We publish this selection on St Andrew's Day to wave a poetry flag for Scotland. Bookshops and libraries – with honourable exceptions – often provide a very narrow range of poetry, and Scottish poetry in particular. Best Scottish Poems offers readers in Scotland and abroad a way of sampling poets' range and achievement, their languages, forms, concerns. It is in no sense a competition but a personal choice, and this year's editor, the novelist and poet Alan Spence, has made a choice of poems somehow redolent of the green tea he sipped while choosing them. He follows Hamish Whyte, Richard Price and Janice Galloway in selecting the poems that most appealed to him – their selections for 2004, 2005 and 2006 are still available on this site. We are delighted that Rosemary Goring and Alan Taylor have agreed to edit the 2008 selection.

The Scottish Poetry Library is grateful to the Scottish Arts Council for funding this series through the National Lottery, and to printmaker Gillian Murray for allowing us to use her lovely image on the cover. Many thanks to Eilidh Bateman and Mary Hutchison for their work in preparing the material and designing the pages.

We hope that you enjoy this varied selection, along with the poets' own comments and the editor's, and that it will encourage you to browse further on the site, as well as borrow and buy (our online shop is now open) from the Scottish Poetry Library.

Robyn Marsack
Director

Poetry and Green Tea

Sometimes I really love my work. This past while I've been dropping in to the Scottish Poetry Library to compile this anthology from books and magazines published in the last year. And I have to say the process has been an unremitting joy. I'd turn up and get settled at a corner table. Librarian Julie Johnstone (herself a fine poet, publisher and zen aficionada) would bring me the books I'd asked for that day, together with a cup of green tea, and I'd simply lose myself for a couple of hours. Does life (or work) get any better than this?

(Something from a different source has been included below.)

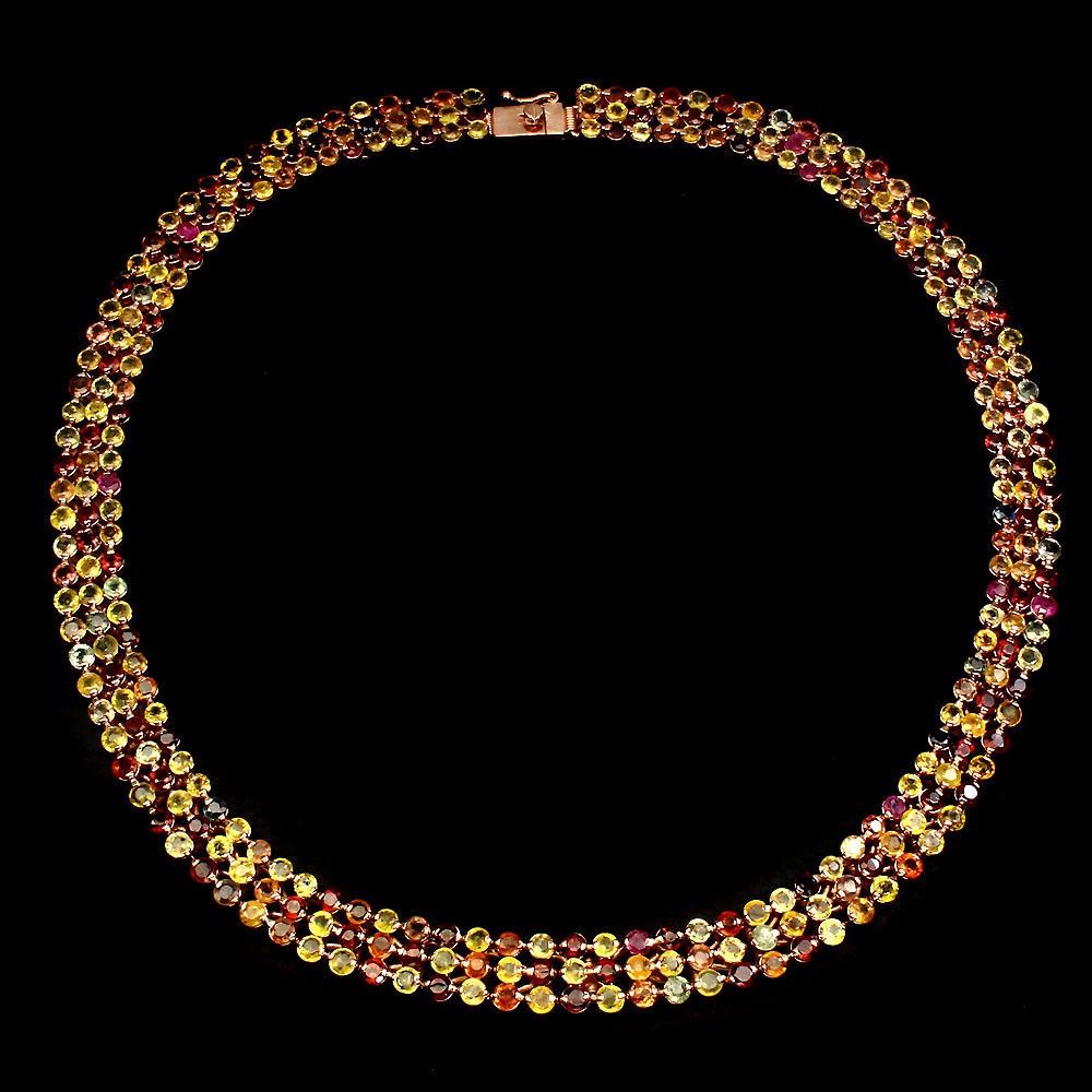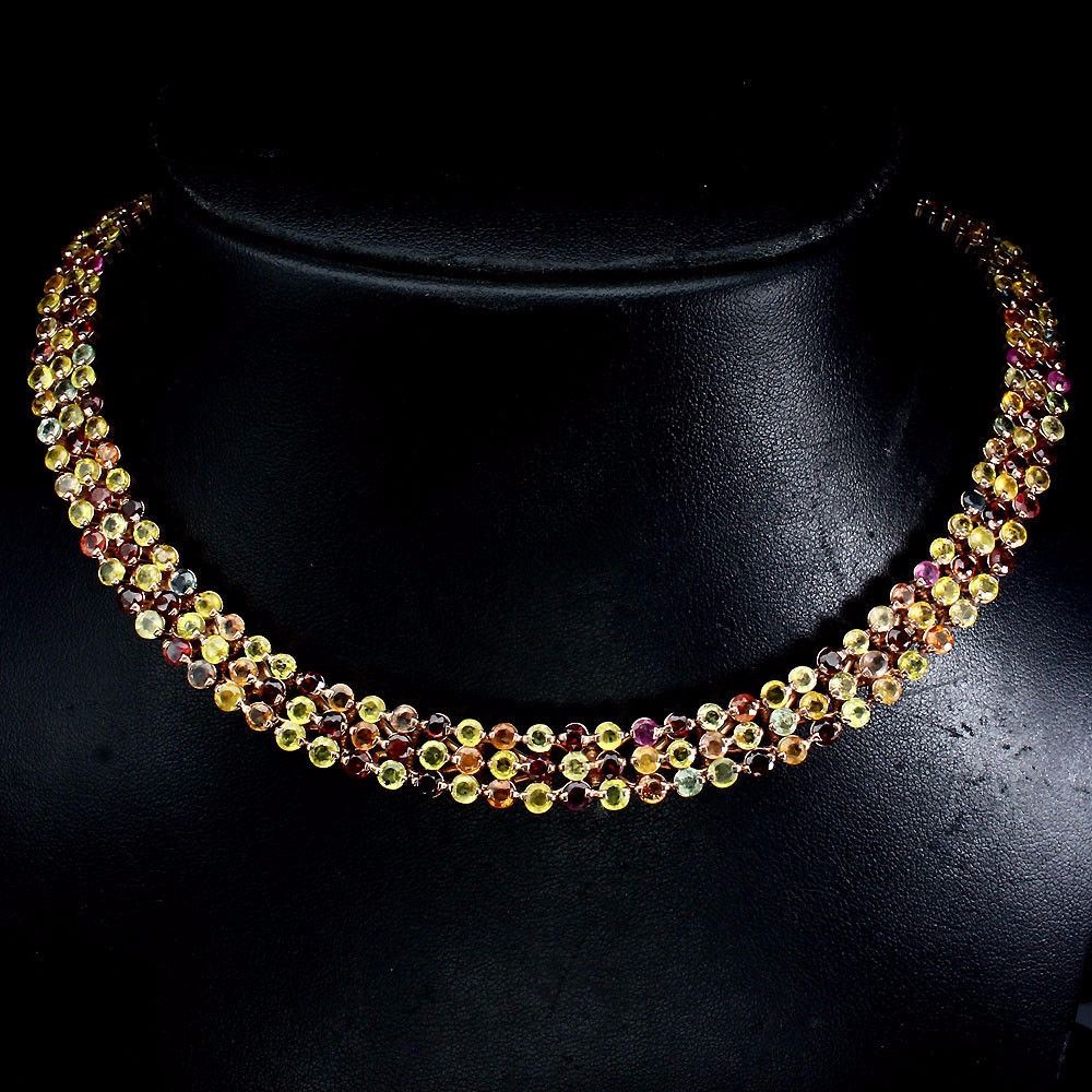 NECKLACE........ TYPE OF METAL -925 STERLING SILVER. PLATE -14K WHITE GOLD..; LENGTH (INCHES) 16.5; MAIN STONE -SAPPHIRE; OTHER GEMS TOTAL WEIGHT -351.54 CT (TOTAL WEIGHT OF SILVER + STONE) DIMENSION * STONE 3.0 MM. * STONES PART LENGTH 410.0 X 11.0 MM.; MAIN STONE SHAPE -ROUND CUT; MAIN STONE COLOR -MULTI-COLOR; CLARITY/GRADE -IF TO VVS; LUSTER -RAVISHING; ORIGIN - AFRICA; HARDNESS -9;

If you haven't managed to visit the Library, you should try. It's a particularly accessible resource - while you can access things online, you can also have that old-fashioned pleasure of checking shelves of books and journals to find what you're looking for. Sitting at my corner table felt quite monastic - the atmosphere is tranquil, quiet without being oppressive.

Poetry, I realise, is my first love when it comes to literature. It was what I started writing when I was still in my teens and I still come back to it - little haiku and tanka, marginal notes to myself, which on revisiting seem more than marginal, rather central to my existence, my experience of living in the moment.

The poems I chose, I realise, all have that quality of heightened awareness, a sense of the very life we are living, its sheer miraculousness. Poetry at its best can do that - it's a wake-up call, exhorting us to look and see what's all around us (and within us).

There are old friends here, poets I've been reading for up to thirty or even forty years. But I'm glad to say there are perfect strangers too - writers I hadn't read before, but whose future work I'll seek out eagerly. And my starting-point for these collections-to-come will most likely be the Scottish Poetry Library, a place to restore your soul.